In his written testimony, Stephen Black of the Pennsylvania Builders Association countered that impact fees, proposed at as much as $26,000 for a single-family house, would not be logical or fair, especially to someone buying a modest house.

"We object to the state giving school districts the authority to enact impact fees to cover local leaders' failure to use the Municipalities Planning Code to manage development," Black testified.

The Municipalities Planning Code has allowed Antrim Township to enact Conservation by Design, comprehensively plan as a region, zone for 40 years, preserve farmland, update sewage facilities, fund volunteer fire and emergency medical services, and study forming a regional police force, Thomas said.

"It still is not enough. We are concerned ... with the population growth (and) what will occur with 5,000 to 10,000 more homes," Thomas said. Those houses, with 1.7 to two children in each, could potentially double the school census, add to the number of emergency services calls and further congest roads, he said.

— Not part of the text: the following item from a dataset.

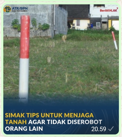 “Biar tanah tidak diserobot orang, yang paling penting adalah memastikan batas tanah jelas dan memiliki sertipikat sebagai bukti hukum yang kuat,” ujar Kepala Biro Hubungan Masyarakat (Humas) dan Protokol Kementerian Agraria dan Tata Ruang/Badan Pertanahan Nasional (ATR/BPN), Shamy Ardian, dalam keterangannya pada Rabu (29/04/2026).

"Our population in 2000 was 12,500. We're looking to double our population in the next 10 years," Thomas said.

"We're pretty much at ground zero for development in Pennsylvania," McLaughlin said in welcoming the committee to Chambersburg.

In addition to Franklin County state Reps. Rob Kauffman, Patrick E. Fleagle and Stephen Maitland, who sponsored the bill, legislators at the hearing were Mark Keller representing Franklin and Perry counties, Scott Petri representing Bucks County and Mauree Gingrich representing Lebanon County. State Rep. Lynn B. Herman of Centre County, chairman of the committee, officiated.